GUI mainform creates an object of Docparsefile class in backgroud thread method ThreadProc:
public void ThreadProc() { DirectoryInfo df=new DirectoryInfo(textBox1.Text); int i = 0; foreach (FileInfo f in df.GetFiles("*.docx")) { if (progressBar1.Value < progressBar1.Maximum) { MethodInvoker mi = new MethodInvoker(this.UpdateProgress); this.BeginInvoke(mi); } else { MethodInvoker mi = new MethodInvoker(this.resetProgress); this.BeginInvoke(mi); } i++; //Creates object of DocParseFile and pass parameters Docfileparse docparser = new Docfileparse(f.FullName, textBox2.Text,checkBox1.Checked,checkBox2.Checked); string _message=""; //Call SearchText method on the object that returns true or false if (docparser.searchText(ref _message) == true) { SetlistboxText(f.FullName); } docparser = null; SetlabelText(i); } MethodInvoker mdone = new MethodInvoker(this.Processdone); IAsyncResult ia= this.BeginInvoke(mdone); }
This code looks a bit complicated becuase I am trying to provide some good working application. Otherwise if you want to plug this search anywhere else the DocParseFile.cs is more than enough.
Step-by-step Code Walkthrough
User creates the object of DocParseFile Class and calls the constructor. That Initiatlize the parameters in class. When user calls searchText method it perform following steps ...
Open the word(.docx) file package:
private bool openpack() { try { filepack = Package.Open(filename, FileMode.Open, FileAccess.Read); return true; } catch (Exception ) { return false; } }
Navigate to document.xml file in Package and load that XMLDocument:
private XmlDocument loadXmlDoc() { try { XmlDocument xmdoc=new XmlDocument(); Uri pathtodoc = new Uri("/word/document.xml", UriKind.Relative); PackagePart newPart = filepack.GetPart(pathtodoc); xmdoc.Load(newPart.GetStream(FileMode.Open, FileAccess.Read)); return xmdoc; } catch (Exception) { return null; } }
Now close the package by calling package.close() method in ClosePackage. Now we have the xmldocument where all data is stored, so now we have no need to keep the package open.

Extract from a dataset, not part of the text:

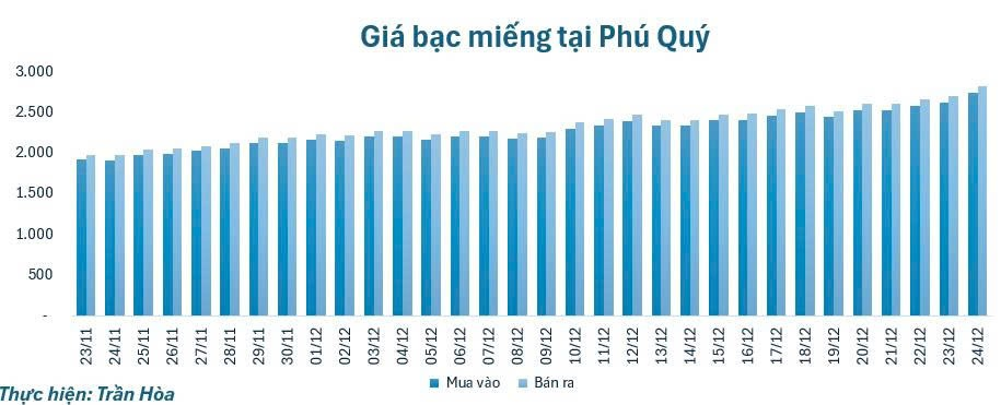 Giá bạc liên tiếp lập đỉnh kỷ lục, sáng 24/12, tại Phú Quý, giá bạc miếng niêm yết ở mức 2.735.000 – 2.820.000 đồng/lượng, tăng 122.000 đồng ở chiều mua và tăng 126.000 đồng ở chiều bán so với giá khảo sát sáng qua.

Now we will search data in this xmldocument. If desired data is found, searchText method will return true otherwise false. As I described in file format section all the data is stored in tags, so we will query xmldocment and get all the elements for this tag and than we will iterate through each tag to check innerText and match the text:
private bool IstextinFile(XmlDocument xmldocument) { XmlNodeList textNodes = xmldocument.GetElementsByTagName("w:t"); string text = ""; foreach (XmlNode xmnode in textNodes) { text = xmnode.InnerText; if (casesenstive == false) text = text.ToLower(); if (matchword == false) { if (text.IndexOf(searchtext) >= 0) return true; } else { char[] separator ={ ' ' }; string[] _wrods = text.Split(separator); foreach (string wordc in _wrods) { if (wordc.Equals(searchtext) == true) return true; } } } return false; }
Thats it, we're done. In the UI I have added few cool things like after search you can right-click on filename and open in Word or you can double click also to open the file. Right now this example I have done for Word and I am planning to enhance it for Excel and PowerPoint too.
You can explore this further to provide an online tool in your organization to search for documents/spreadsheets/presentations. And this search is faster than Windows search -- I have tested it with more than 60 files and it runs faster than Windows search.